### PROBLEM DETAILS
A word-for-word copy of the data, with no images, is the required answer.

### SUPPLIED DATA
════════════════

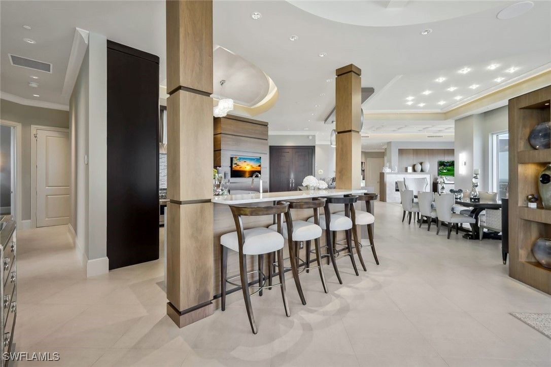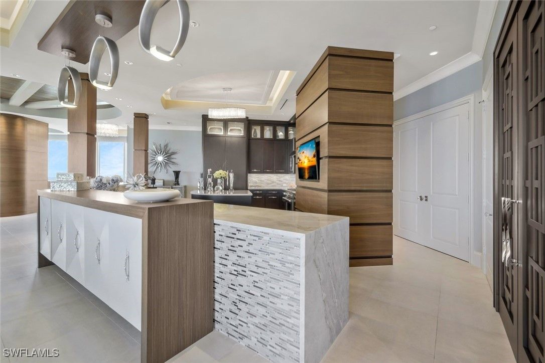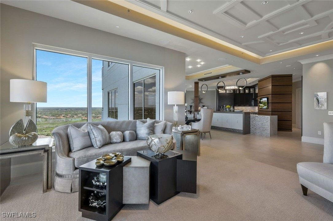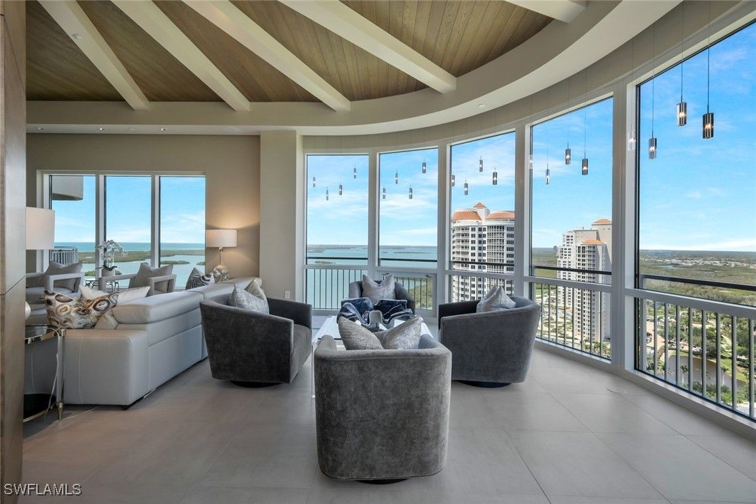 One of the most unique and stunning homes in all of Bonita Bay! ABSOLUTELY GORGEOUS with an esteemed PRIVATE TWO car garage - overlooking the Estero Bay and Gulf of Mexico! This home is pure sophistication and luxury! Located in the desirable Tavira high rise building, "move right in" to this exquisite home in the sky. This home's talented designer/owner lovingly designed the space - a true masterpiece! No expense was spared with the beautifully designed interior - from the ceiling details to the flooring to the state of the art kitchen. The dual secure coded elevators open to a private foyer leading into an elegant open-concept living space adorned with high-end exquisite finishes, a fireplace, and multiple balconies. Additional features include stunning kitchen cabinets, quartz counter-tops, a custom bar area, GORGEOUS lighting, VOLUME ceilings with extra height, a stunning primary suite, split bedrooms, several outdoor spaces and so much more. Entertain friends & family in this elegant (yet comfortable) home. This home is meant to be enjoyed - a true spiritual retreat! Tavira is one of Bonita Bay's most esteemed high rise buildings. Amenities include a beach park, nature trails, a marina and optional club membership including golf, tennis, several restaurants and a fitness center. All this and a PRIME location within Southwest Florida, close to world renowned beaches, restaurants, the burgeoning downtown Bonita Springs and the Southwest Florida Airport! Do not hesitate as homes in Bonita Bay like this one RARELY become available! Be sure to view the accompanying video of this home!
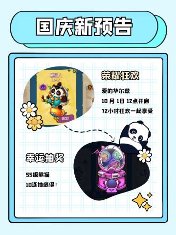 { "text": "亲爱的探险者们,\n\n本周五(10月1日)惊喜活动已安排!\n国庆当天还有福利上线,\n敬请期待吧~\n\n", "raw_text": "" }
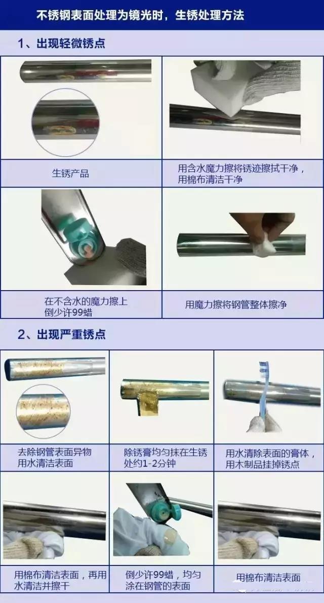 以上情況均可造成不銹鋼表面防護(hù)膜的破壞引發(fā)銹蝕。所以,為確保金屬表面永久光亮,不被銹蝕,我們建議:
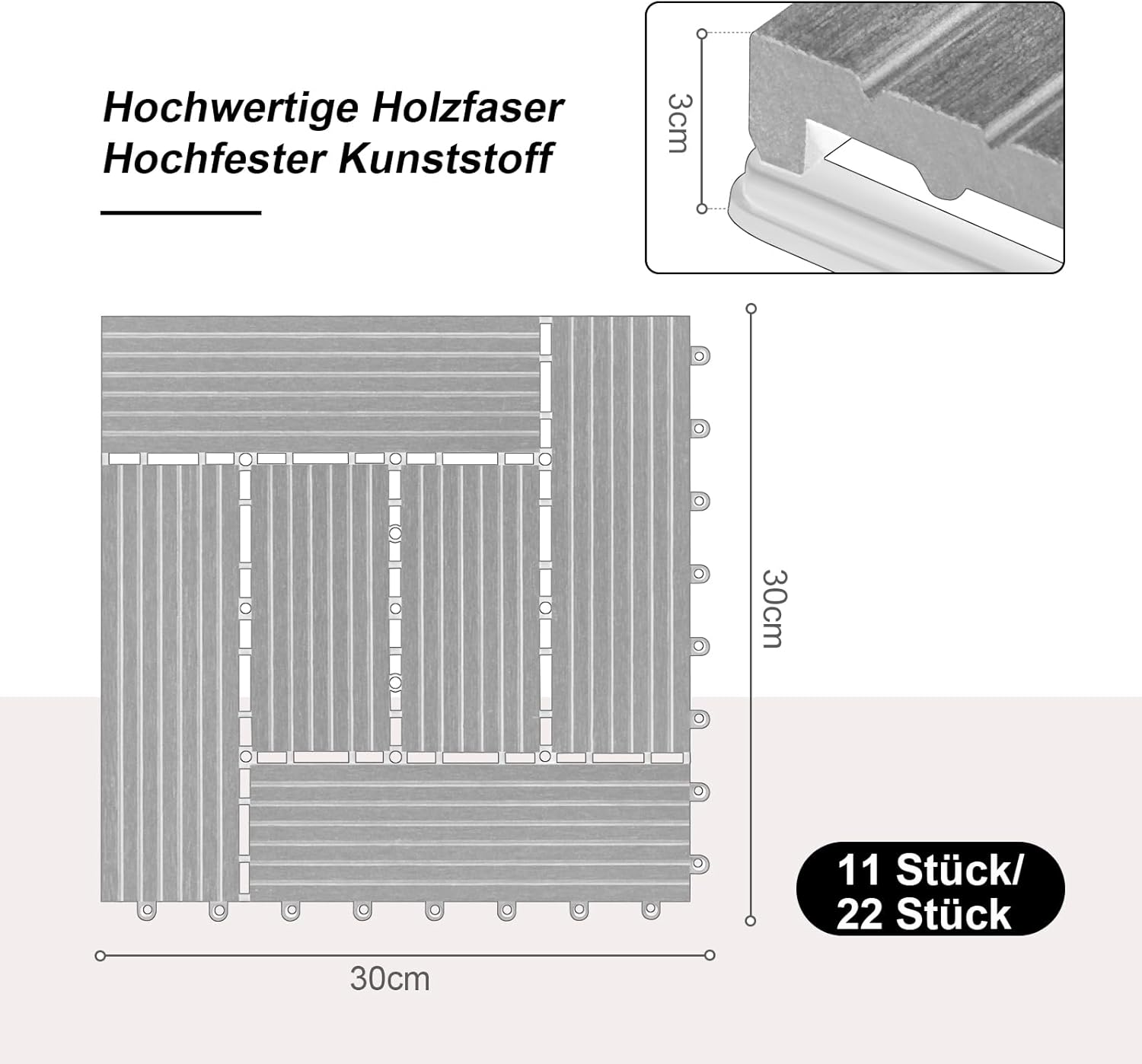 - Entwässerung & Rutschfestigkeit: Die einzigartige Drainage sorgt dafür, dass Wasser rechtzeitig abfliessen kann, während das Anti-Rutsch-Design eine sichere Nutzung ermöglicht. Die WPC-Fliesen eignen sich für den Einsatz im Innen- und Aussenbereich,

════════════════

### RESPONSE TO THIS TASK
 One of the most unique and stunning homes in all of Bonita Bay! ABSOLUTELY GORGEOUS with an esteemed PRIVATE TWO car garage - overlooking the Estero Bay and Gulf of Mexico! This home is pure sophistication and luxury! Located in the desirable Tavira high rise building, "move right in" to this exquisite home in the sky. This home's talented designer/owner lovingly designed the space - a true masterpiece! No expense was spared with the beautifully designed interior - from the ceiling details to the flooring to the state of the art kitchen. The dual secure coded elevators open to a private foyer leading into an elegant open-concept living space adorned with high-end exquisite finishes, a fireplace, and multiple balconies. Additional features include stunning kitchen cabinets, quartz counter-tops, a custom bar area, GORGEOUS lighting, VOLUME ceilings with extra height, a stunning primary suite, split bedrooms, several outdoor spaces and so much more. Entertain friends & family in this elegant (yet comfortable) home. This home is meant to be enjoyed - a true spiritual retreat! Tavira is one of Bonita Bay's most esteemed high rise buildings. Amenities include a beach park, nature trails, a marina and optional club membership including golf, tennis, several restaurants and a fitness center. All this and a PRIME location within Southwest Florida, close to world renowned beaches, restaurants, the burgeoning downtown Bonita Springs and the Southwest Florida Airport! Do not hesitate as homes in Bonita Bay like this one RARELY become available! Be sure to view the accompanying video of this home!
 { "text": "亲爱的探险者们,\n\n本周五(10月1日)惊喜活动已安排!\n国庆当天还有福利上线,\n敬请期待吧~\n\n", "raw_text": "" }
 以上情況均可造成不銹鋼表面防護(hù)膜的破壞引發(fā)銹蝕。所以,為確保金屬表面永久光亮,不被銹蝕,我們建議:
 - Entwässerung & Rutschfestigkeit: Die einzigartige Drainage sorgt dafür, dass Wasser rechtzeitig abfliessen kann, während das Anti-Rutsch-Design eine sichere Nutzung ermöglicht. Die WPC-Fliesen eignen sich für den Einsatz im Innen- und Aussenbereich,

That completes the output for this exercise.